Chapter 15 Lysa #2
This wasn’t a prison for monsters. The Stormgardes weren’t jailers; they were healers.
Wardens of the wild magic that the rest of the world feared.
Fenrik believed he was cursed, broken because his magic bridged the gap between man and beast, but here, on these walls, that bridge was celebrated.
Interpretation flooded me. The sigils painted along the baseboard that might have been decorative crests were binding runes of protection and symbiosis, weaving the safety of the house into the safety of the creatures.
The sheer tragedy of it made my chest ache.
Fenrik was starving himself of the very connection his bloodline was built to sustain.
The corridor ended abruptly in a smooth, panelled wall of dark walnut.
“Is this it?” I asked the silence. “A history lesson?”
The house answered with a vibration that travelled up through the soles of my boots. The golden light that had been acting as my torch didn’t stop at the wall. It surged forward, intensifying until it was almost blinding. It hit the walnut panelling and hissed.

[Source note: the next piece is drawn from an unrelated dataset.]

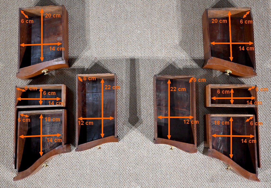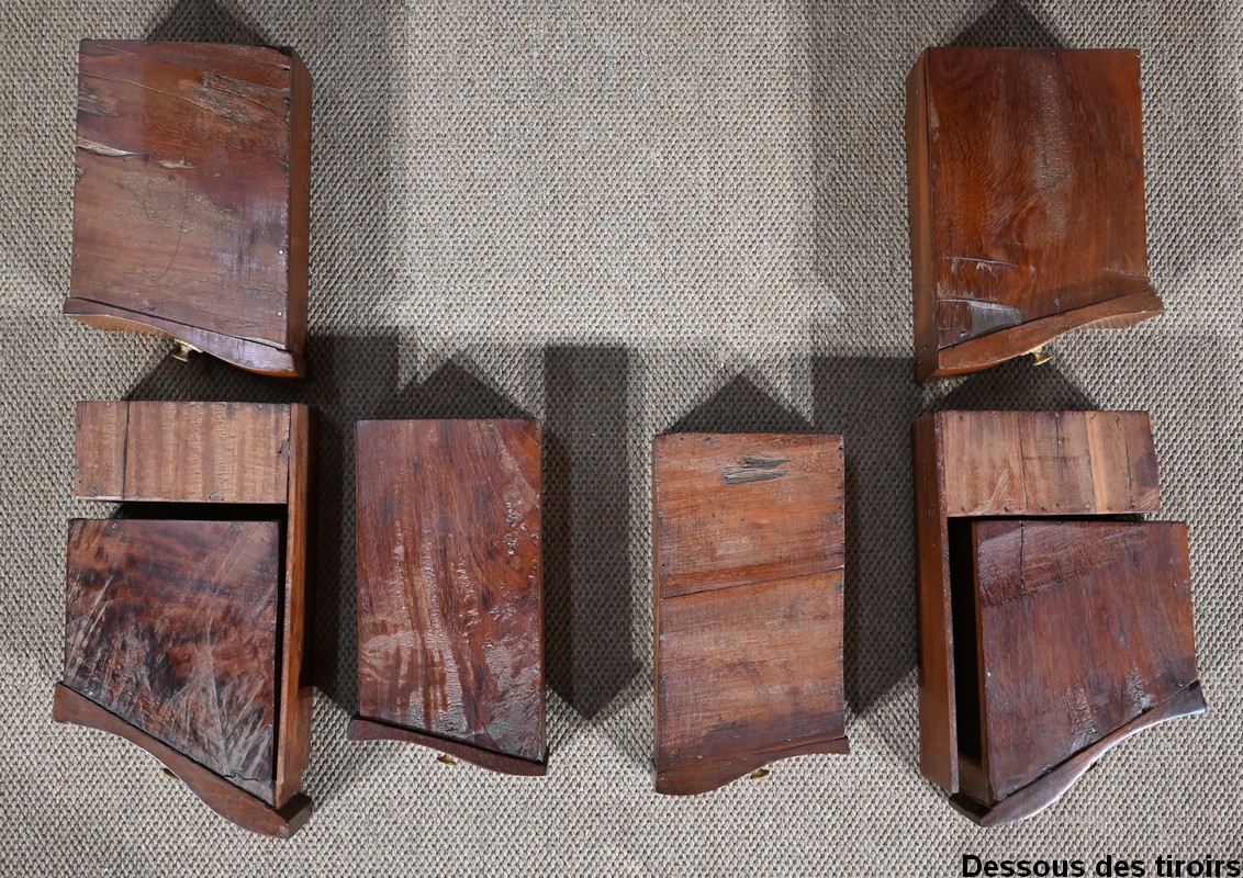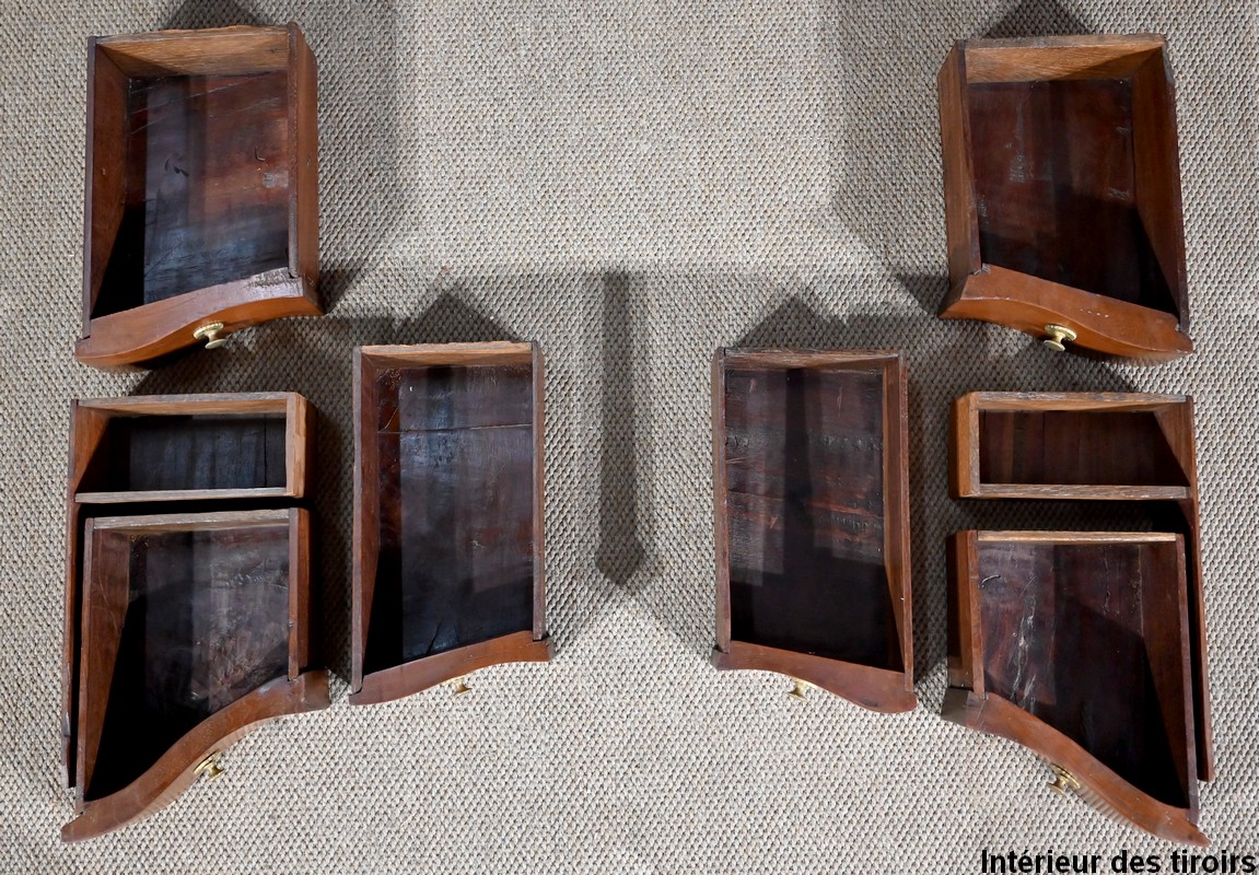De chaque côté, en avancé, on retrouve trois tiroirs avec boutons bronze, ainsi que trois niches. Cet intérieur comporte de nombreuses caches dissimulées notamment de fausses colonnes attachées ou des réserves à panneaux coulissants.

I recoiled, shielding my eyes. The air in front of the wall shimmered, oily and distorted.
The smell of burnt sugar filled the space, the distinctive, cloying scent of Veil magic being unmade.
The illusion rippled, fighting the house’s gold light, but the manor was relentless.
It tore the false image apart. The plain wall dissolved and behind it stood an ancient door reinforced with bands of iron that looked more like shackles than hinges.
And while the rest of the wing was draped in the gentle, grey dust of abandonment, this door was clean.
I took a step closer, and nausea rolled in my stomach.
The other doors in the manor felt dormant, or in the case of the library, petulant.
This one felt sick. A low, rhythmic thrum emanated from the wood, a beat that was inextricably wrong.
It felt like the fever-heat I had felt radiating from the wyrmling, and just like the erratic pulse I had sensed beneath Fenrik’s ribs.
My hand hovered over the iron latch, but I couldn’t make my fingers close around it.
A memory flashed through my mind, of the blue ceramic dragon I’d found shattered in my room.
The shards had been a promise of violence against me.
Was I walking into the belly of the beast?
Mrs. Crane said the house had opinions, but madness was an opinion, too.
I took a step back, the golden light of the corridor now feeling less like a guide and more like a lure.
“I can’t,” I said, turning away. “I’m not—“
A scuffing sound from the high stone ledge above the doorframe cut me off. I looked up just as a small, dark shape tipped over the edge.
I flinched, throwing my hands up to shield my face, bracing for the crash of pottery on stone.
No sound came, so I peeked through my fingers.
The object had fallen, yes, but inches from the floor, the air had seemed to thicken, catching it in an invisible net before setting it down.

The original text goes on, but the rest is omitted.